Tantôt, pour répondre, donc, à une des
questions, la ministre nous disait : Ah, bien oui, à l'article 116, à
l'article 116, on parle de... on a les mots «communauté autochtone». La
ministre est obligée d'aller dépoussiérer un article du projet de loi pour nous
dire : Bien, regardez, on en parle ici. Mais ici ils sont en obiter. Le
collègue de Jacques-Cartier le mentionnait ici, là, si on a tout un livre, tout
un roman, donc, qui... où on nous dit : Bien non, oui, vous êtes au coeur,
donc, de ce roman-là, bien, ça ne peut pas être juste dans les remerciements,
donc, à la fin, donc, alors qu'on vous dit : Mais merci pour
l'inspiration, c'est censé, donc, véritablement... on est censés véritablement
retrouver les intérêts et le rôle des Premières Nations et Inuits au premier
plan, à la première page. Ça doit faire partie,
là, de la ratio decidendi, là, du projet de loi, là, qu'on ne soit pas juste,
donc, en note de bas de page : Soit dit en passant, ah, bien oui, à
l'article 116, on fait ça puis après ça on consulte. C'est beaucoup plus
que ça, la relation de nation à nation,
c'est beaucoup plus que ça que de reconnaître le rôle prépondérant que les Premières Nations et les Inuits jouent en matière de gouvernance du secteur
énergétique au Québec, Mme la ministre.
Le Président (M. Montigny) :
Très bien. Mme la ministre.
Mme Fréchette : Oui, M. le
Président, merci. Donc, comme je disais au départ, dans mes premières
interventions, c'est important, chacun des mots, en fait, qui est utilisé pour
décrire les mécanismes que l'on déploie en lien avec les Premières Nations, les
communautés autochtones. Alors, l'amendement que l'on a mis de l'avant, il
respecte, en fait, la façon qu'on a eue, qu'on a adoptée dans plusieurs autres
projets de loi, de développer une mesure concernant les Premières Nations.

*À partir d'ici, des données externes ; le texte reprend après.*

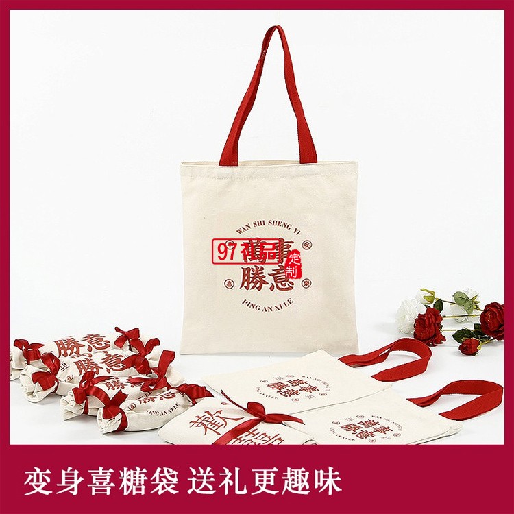 帆布袋糖果包裝袋萬事勝意手提袋可定制logo活動小禮品
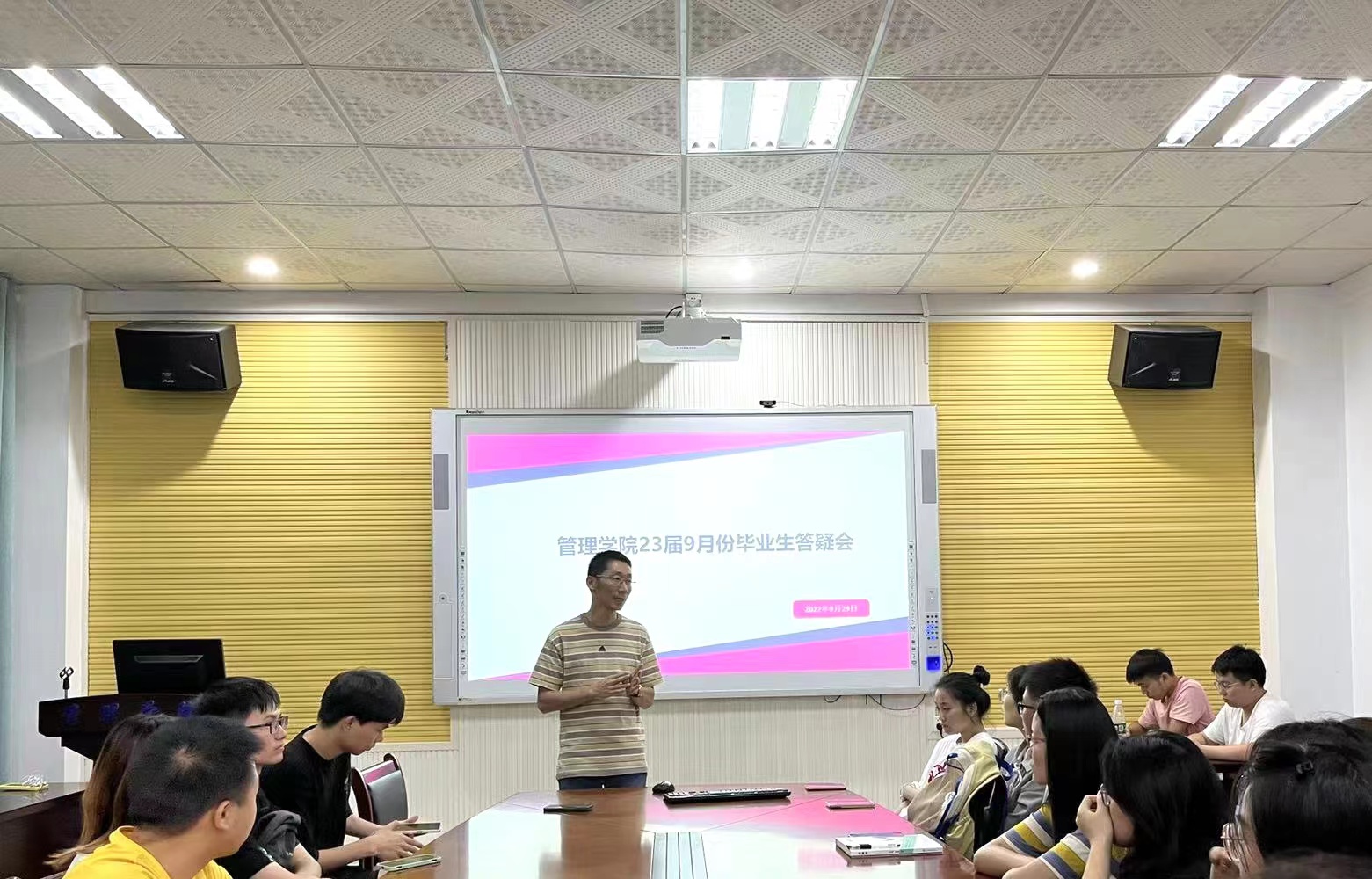 为解决2023届毕业生在就业方面存在的问题,调动毕业生的就业积极性,更好的开展学院的就业工作9月29日晚上七点,管理学院就业工作负责人包海燕于新校区教学楼F104室召开2023届毕业生九月答疑会。答疑会从“当前就业形势”“毕业生存在的主要就业困惑”“存在的就业机会”三个方面来分析应届毕业生就业问题,管理学院副书记谭超出席会议。此次答疑会共有50余位不同专业的应届毕业生参加。
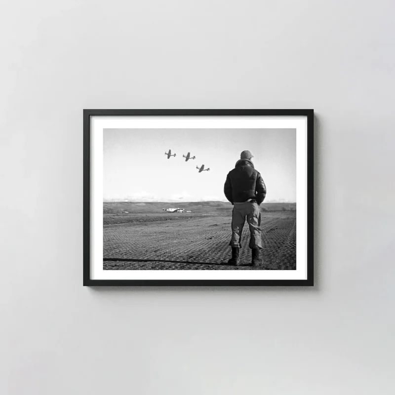 This WWII air force poster captures the quiet intensity of a 1945 pilot watching his squadron fly over the airfield. Our vintage military wall art is printed on 200 GSM museum-grade matte paper for a glare-free finish.
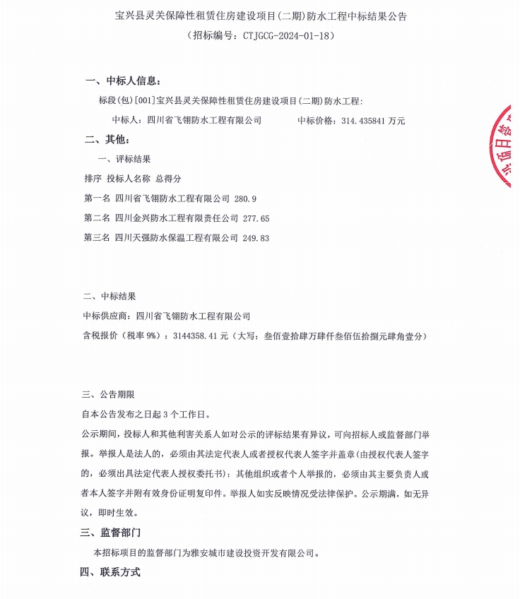 寶興縣靈關保障性租賃住房建設項目(二期)防水工程中標結果公告

C'est en parfaite cohérence avec notre obligation constitutionnelle. La
démarche que l'on s'apprête à entamer
également ne remplace pas notre obligation constitutionnelle. Elle s'ajoute à
cette obligation et elle va faire en sorte de tenir en considération les
préoccupations des Premières Nations, préoccupations qui ont déjà été exprimées
en amont, puisqu'on a développé ces différents mécanismes auxquels j'ai fait
référence. Et le libellé qui est proposé
dans l'amendement concernant les Premières
Nations est celui que l'on retrouve
dans plusieurs des lois du Québec.
Donc, il y a une volonté aussi de cohérence au niveau du vocabulaire avec
l'amendement qu'on a mis de l'avant. Donc, il y a cette notion-là
également qui est prise en considération par rapport à ce qui est proposé pour
le projet de loi 69.
Le
Président (M. Montigny) : Merci, Mme la ministre. Mme la députée de Bourassa-Sauvé, simplement pour une indication de temps, il vous reste un peu
moins de cinq minutes.
• (12 h 40) •
Mme Cadet : Merci,
M. le Président. Je comprends l'argumentaire de la cohérence
législative, là, ça, c'est absolument important sur le plan des
consultations, Me Marois l'a dit, c'est une obligation constitutionnelle, mais qu'à ce moment-ci, donc, que ça puisse se
retrouver à travers, donc, tout le corpus législatif que développe l'État
québécois, donc, ça, c'est normal que cet élément-là se retrouve un peu
partout.
Nous, ce qu'on veut dire, ce n'est pas de tasser
l'amendement que vous proposez à 14.3 sur les consultations, on l'a dit, on le soutient, cet amendement-là, on
en comprend le principe, mais ce qu'on vient dire, c'est qu'en matière
énergétique, alors que votre rôle, c'est d'assurer, donc, de la... en matière
d'énergie, une gestion responsable et intégrée
des ressources énergétiques du Québec dans une perspective, donc, de transition
énergétique et de développement économique que ce rôle-là demande bien
plus que l'aspect des consultations. Bien sûr que celui-ci, il se retrouve un
peu partout, c'est un... bien, le... Me Marois, donc, l'a dit, donc il s'agit
d'une obligation conditionnelle à laquelle vous êtes assujettis, c'est normal.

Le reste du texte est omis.